Methods: In this randomised, prospective, multicentre trial, we enrolled patients aged 75 years or older with chronic angina of at least Canadian Cardiac Society class II despite at least two antianginal drugs. Patients were randomly assigned coronary angiography and revascularisation or optimised medical therapy. The primary endpoint was quality of life after 6 months, as assessed by questionnaire and the presence of major adverse cardiac events (death, non-fatal myocardial infarction, or hospital admission for acute coronary syndrome with or without the need for revascularisation). Analysis was by intention to treat.

Findings: 150 patients were assigned medical therapy and 155 invasive therapy. Two protocol violators in each group were not included in the analysis.

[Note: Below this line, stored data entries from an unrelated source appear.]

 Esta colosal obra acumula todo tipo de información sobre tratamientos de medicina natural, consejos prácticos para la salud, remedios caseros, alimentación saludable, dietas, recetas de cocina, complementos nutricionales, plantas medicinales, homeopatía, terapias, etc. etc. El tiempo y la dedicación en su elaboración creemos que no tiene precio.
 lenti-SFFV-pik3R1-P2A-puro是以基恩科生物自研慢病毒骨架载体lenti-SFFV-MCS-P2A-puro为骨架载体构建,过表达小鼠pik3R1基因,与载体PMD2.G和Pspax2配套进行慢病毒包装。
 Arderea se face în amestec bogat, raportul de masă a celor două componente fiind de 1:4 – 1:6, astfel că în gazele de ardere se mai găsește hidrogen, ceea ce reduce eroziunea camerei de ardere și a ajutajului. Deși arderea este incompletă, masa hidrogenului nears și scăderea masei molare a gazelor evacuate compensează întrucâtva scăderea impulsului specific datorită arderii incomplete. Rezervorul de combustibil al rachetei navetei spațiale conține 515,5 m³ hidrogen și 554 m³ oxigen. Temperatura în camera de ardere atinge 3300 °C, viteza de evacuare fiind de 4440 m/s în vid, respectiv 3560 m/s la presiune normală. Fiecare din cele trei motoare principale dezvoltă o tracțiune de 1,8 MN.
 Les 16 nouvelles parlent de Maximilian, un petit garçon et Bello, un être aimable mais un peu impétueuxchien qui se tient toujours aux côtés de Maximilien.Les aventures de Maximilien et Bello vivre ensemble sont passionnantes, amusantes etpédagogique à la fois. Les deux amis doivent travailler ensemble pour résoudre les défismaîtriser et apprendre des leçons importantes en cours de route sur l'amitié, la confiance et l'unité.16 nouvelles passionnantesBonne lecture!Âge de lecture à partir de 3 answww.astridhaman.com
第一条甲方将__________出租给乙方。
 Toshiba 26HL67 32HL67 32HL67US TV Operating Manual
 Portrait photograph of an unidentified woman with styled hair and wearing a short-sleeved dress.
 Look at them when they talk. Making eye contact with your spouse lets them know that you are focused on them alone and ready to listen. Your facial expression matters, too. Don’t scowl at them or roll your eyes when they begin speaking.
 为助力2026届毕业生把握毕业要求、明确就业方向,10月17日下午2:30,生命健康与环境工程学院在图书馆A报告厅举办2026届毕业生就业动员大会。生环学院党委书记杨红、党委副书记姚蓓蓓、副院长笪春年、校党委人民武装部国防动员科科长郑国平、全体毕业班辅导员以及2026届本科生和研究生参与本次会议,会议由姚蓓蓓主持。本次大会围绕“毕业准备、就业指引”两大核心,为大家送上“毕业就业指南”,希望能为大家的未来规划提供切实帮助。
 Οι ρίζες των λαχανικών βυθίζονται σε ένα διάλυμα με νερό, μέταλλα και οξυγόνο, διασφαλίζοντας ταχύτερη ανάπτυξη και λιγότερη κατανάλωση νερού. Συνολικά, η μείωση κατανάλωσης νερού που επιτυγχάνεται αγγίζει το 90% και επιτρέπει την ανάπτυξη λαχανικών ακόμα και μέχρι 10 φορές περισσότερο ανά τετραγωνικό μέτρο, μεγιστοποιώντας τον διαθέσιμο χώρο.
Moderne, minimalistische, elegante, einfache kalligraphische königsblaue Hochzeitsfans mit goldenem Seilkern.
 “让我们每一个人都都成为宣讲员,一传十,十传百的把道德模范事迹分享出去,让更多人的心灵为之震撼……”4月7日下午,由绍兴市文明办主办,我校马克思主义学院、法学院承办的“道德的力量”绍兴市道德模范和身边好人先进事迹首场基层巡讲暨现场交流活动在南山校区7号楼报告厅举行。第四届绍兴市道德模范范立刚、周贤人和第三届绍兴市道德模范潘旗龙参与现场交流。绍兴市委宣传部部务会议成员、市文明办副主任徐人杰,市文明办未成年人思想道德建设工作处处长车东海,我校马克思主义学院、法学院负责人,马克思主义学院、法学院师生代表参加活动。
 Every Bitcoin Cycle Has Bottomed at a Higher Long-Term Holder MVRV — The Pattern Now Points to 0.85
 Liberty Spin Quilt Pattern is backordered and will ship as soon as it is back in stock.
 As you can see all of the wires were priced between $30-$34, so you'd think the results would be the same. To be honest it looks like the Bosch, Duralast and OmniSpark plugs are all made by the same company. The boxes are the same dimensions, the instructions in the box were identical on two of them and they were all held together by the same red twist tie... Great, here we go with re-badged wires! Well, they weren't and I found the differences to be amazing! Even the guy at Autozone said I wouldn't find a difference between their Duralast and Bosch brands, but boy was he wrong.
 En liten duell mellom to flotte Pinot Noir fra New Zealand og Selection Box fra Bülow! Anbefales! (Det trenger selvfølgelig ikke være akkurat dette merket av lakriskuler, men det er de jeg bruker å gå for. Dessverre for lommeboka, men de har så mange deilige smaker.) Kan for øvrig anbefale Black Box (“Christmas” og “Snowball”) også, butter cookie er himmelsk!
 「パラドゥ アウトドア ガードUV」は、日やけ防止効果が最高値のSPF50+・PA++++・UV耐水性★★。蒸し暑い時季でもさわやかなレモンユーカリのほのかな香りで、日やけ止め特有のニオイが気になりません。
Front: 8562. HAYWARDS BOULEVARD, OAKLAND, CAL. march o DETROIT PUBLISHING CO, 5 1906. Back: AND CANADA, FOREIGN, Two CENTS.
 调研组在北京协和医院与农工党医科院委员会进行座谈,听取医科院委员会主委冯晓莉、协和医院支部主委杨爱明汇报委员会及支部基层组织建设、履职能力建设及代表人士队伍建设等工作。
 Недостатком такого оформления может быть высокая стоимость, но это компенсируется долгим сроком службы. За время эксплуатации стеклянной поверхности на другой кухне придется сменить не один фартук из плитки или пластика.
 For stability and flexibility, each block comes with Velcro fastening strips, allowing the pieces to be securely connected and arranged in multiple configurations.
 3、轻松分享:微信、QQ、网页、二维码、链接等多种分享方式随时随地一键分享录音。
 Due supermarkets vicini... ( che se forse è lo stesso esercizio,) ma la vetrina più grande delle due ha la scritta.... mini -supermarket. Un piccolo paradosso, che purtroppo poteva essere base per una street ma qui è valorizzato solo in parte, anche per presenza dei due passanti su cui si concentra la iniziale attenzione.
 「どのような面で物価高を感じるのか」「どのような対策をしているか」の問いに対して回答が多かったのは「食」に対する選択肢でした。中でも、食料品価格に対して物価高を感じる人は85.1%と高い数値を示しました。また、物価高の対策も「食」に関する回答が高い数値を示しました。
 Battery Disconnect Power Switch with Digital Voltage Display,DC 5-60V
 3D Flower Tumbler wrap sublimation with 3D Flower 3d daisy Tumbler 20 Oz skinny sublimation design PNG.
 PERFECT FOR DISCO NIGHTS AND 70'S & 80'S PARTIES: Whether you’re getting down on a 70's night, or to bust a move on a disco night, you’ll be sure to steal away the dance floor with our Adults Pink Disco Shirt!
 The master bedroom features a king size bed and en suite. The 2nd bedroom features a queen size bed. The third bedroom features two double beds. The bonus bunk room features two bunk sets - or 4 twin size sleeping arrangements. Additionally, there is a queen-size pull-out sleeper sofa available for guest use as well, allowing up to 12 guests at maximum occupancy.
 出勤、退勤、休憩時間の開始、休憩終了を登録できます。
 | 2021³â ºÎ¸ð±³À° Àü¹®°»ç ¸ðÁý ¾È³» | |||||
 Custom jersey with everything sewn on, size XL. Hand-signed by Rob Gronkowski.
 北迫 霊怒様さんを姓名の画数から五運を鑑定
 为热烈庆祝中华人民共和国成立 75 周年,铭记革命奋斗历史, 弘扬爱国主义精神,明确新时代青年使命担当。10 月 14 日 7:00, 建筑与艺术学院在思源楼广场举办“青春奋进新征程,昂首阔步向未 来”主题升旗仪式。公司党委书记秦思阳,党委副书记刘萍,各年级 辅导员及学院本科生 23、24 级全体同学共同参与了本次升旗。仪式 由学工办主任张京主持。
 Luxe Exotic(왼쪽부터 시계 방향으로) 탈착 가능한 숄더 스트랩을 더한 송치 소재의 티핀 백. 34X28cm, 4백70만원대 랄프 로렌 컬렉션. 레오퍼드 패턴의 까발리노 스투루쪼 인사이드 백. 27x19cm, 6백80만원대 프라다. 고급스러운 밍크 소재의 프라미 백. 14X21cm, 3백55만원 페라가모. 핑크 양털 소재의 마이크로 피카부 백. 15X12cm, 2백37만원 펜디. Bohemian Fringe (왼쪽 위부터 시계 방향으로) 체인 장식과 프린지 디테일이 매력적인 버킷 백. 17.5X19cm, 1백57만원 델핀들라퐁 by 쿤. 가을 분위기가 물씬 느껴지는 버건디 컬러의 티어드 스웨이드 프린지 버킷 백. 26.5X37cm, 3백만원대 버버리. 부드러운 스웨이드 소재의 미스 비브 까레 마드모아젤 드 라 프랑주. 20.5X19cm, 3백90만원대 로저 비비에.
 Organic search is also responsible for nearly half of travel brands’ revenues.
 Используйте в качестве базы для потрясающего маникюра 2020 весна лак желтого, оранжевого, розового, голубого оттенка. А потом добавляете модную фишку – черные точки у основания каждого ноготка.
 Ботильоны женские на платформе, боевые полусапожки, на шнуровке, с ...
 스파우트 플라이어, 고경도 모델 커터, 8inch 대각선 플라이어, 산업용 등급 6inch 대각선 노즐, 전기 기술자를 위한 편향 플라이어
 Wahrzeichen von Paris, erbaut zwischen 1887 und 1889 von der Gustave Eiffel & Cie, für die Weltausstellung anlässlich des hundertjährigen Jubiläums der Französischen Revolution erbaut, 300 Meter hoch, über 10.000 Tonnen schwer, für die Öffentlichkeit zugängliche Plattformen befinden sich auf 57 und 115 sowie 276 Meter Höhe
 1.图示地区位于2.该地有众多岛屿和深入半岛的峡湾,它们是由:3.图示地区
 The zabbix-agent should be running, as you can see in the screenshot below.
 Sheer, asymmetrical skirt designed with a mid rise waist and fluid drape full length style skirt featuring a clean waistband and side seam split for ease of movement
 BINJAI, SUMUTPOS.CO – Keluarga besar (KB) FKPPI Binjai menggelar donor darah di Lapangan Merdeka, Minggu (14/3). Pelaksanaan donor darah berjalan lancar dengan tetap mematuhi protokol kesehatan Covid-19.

After 6 months, angina severity decreased and measures of quality of life increased in both treatment groups; however, these improvements were significantly greater after revascularisation. Major adverse cardiac events occurred in 72 (49%) of patients in the medical group and 29 (19%) in the invasive group (p<0.0001).

Interpretation: Patients aged 75 years or older with angina despite standard drug therapy benefit more from revascularisation than from optimised medical therapy in terms of symptom relief and quality of life. Therefore, these patients should be offered invasive assessment despite their high risk profile followed by revascularisation if feasible.